Israel cans volunteer program for rights groups cited in UN report on Gaza
A day after the UN slammed Israel for failure to “revise its practice of airstrikes” against Palestinian civilians during Operation Protective Edge, Tel Aviv revoked slots at the civil rights groups which, it said, acted against the IDF in the UN.
The report, which was compiled by an independent UN commission of inquiry appointed by the UN Human Rights Council, heavily relied on testimony from leftwing Israeli NGOs, including B’Tselem and the Association for Civil Rights in Israel (ACRI).
Minister of Agriculture and Rural Development Uri Ariel, who is also in charge of the Authority for National Civic Service, ordered to cancel all national service programs for NGOs after the report came under fire in the Knesset, local media reported. B’Tselem was cited 72 and ACRI four times throughout the report. Both organizations currently receive National Service volunteers.
“The whole essence of national service is service for the State of Israel and its citizens,” Ariel said on Tuesday, the Jerusalem Post reported. “I will not allow under any circumstances a delusional reality in which Israel finances slots for young people who will act against its soldiers,” he added.
“We will not fund organizations like these no matter what legal acrobatics were done until now to make this bug kosher,” Ariel stated.
It's not the first time that B’Tselem has been heavily criticized for its activities. Last year National-Civilian Service Authority Director-General Sar-Shalom Djerbi attempted to revoke its national service slots, claiming its activity is aimed “against the State of Israel and IDF soldiers in Israel and around the world.”
READ MORE: 'Flawed & biased': Israel fires back at UN report accusing it of potential war crimes
Meanwhile, the UN report, published on Tuesday, accused both Israel and Palestinian armed groups of possible war crimes during the 2014 Gaza conflict, calling the devastation “unprecedented.” Israeli Prime Minister Benjamin Netanyahu fired back, saying “The report is biased. The commission that wrote it is under a committee that does everything but protect human rights.”
According to B’Tselem, Netanyahu’s “blanket rejection of the findings” is “hardly surprising.”
“The report holds him and other top military and government officials in Israel responsible for the horrifying, massive harm caused to civilians in Gaza in Operation Protective Edge,” the civil rights group stated. “The commission’s recommendation that the International Criminal Court in The Hague investigate possible breaches of the laws of war by Hamas and by Israel is primarily aimed at the leadership, both in Gaza and in Israel, and not at the troops themselves.”
The UN commission determined that 1,462 Palestinian civilians were killed the Israel Defense Forces (IDF) during Operation Protective Edge, one-third of whom were children. That figure is significantly lower than previous estimates made by health officials, which reported more than 2,100 Palestinian deaths. The report also noted that hundreds of Palestinian civilians, particularly women and children, were killed in their own homes during Israeli airstrikes. According to the commission, 142 families lost three or more members in strikes on residential buildings. Those strikes killed a total of 742 civilians.

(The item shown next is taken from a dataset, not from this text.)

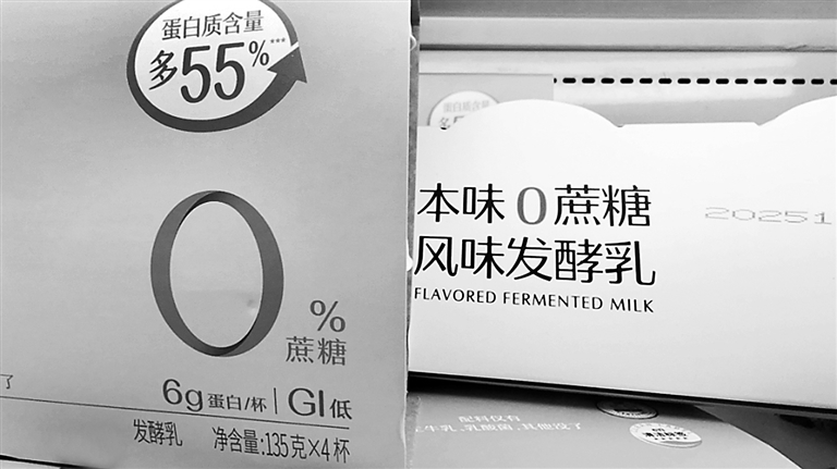 ◀12月4日,在北京某商超酸奶冷柜中,带有“0蔗糖”等标签的商品占据主流位置。
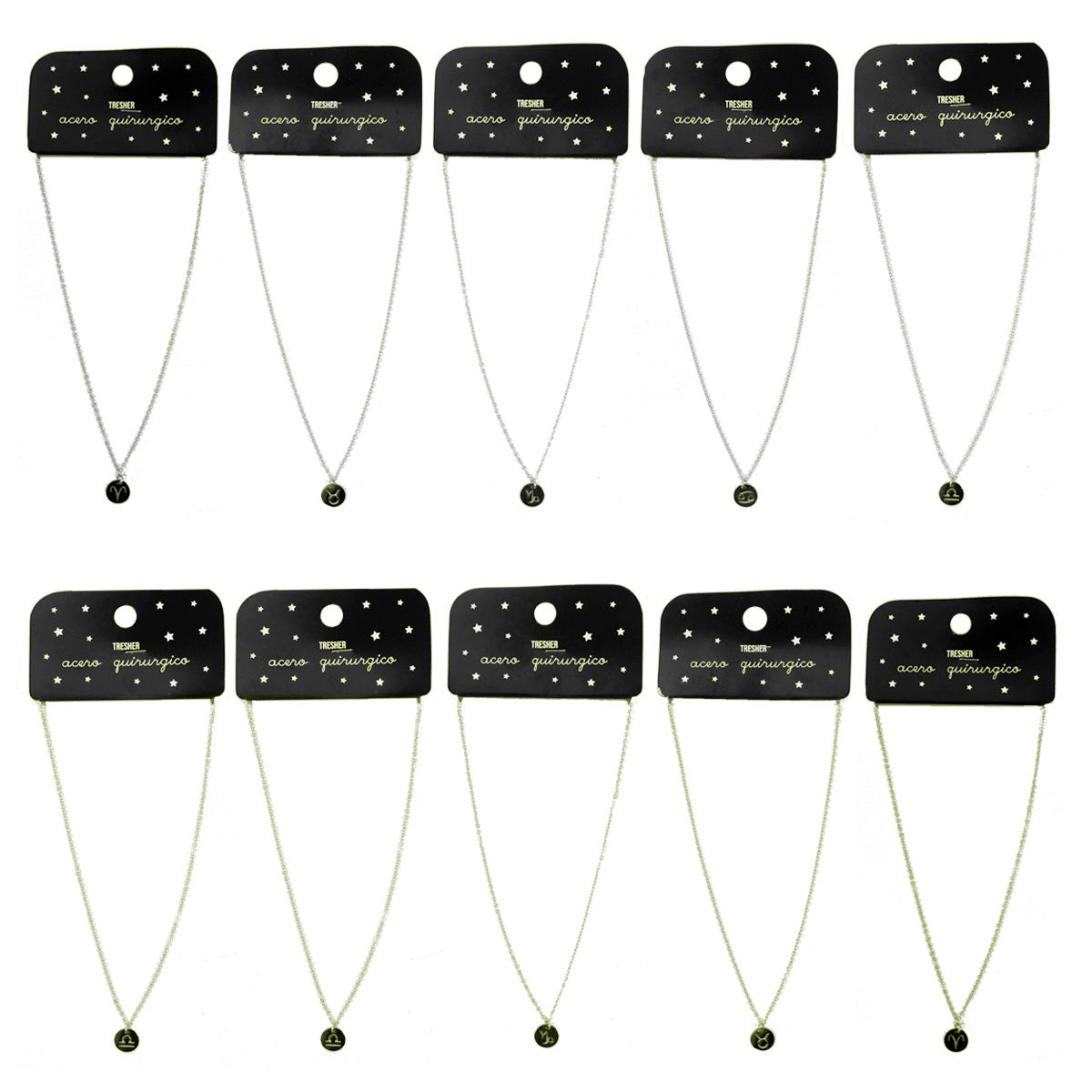 Contiene 10 collares de acero quirúrgico de un mismo modelo mixto se envían cinco plateado y cinco dorados .

“While the operation was still underway, B’Tselem cautioned against the policy of targeting homes once the horrifying consequences for civilians became apparent. Although senior government and military officials were well aware of the expected outcome, they ordered that the lethal policy continue,” B’Tselem noted.
According to the commission’s chairwoman, New York judge Mary McGowan Davis, “the extent of the devastation and human suffering in Gaza was unprecedented and will impact generations to come.”
The report also accused Palestinian militants of possible war crimes, stating that armed groups fired 4,881 rockets and 1,753 mortars towards Israel. Six civilians were killed in the attacks on Israel, and at least 1,600 others were reported injured.
Operation Protective Edge was launched in July 2014, after a spike in cross-border rocket attacks by Hamas. The Israeli response was 50 days of intense shelling, airstrikes and attacks by ground troops.
Israel's Foreign Ministry argued on Monday that Tel Aviv had acted in accordance with international standards.
“In defending itself against attacks, Israel's military acted according to the highest international standards,” the ministry said on Monday. It went on to say that the findings made no differentiation between Israel's “moral behavior” and the actions of Palestinian “terror organizations” during the 50-day war. Israel released its own 277-page report earlier this month, stating that the Gaza offensive was “unfortunate yet lawful.”
“Unacceptably, the only official Israeli response to the commission’s grave findings has been to deny the allegations and pass the buck. Israel’s investigations of the operation to date have served solely to whitewash suspected wrongdoings, and most governmental efforts have been devoted to deflecting accusations and disseminating propaganda,” B’Tselem stated.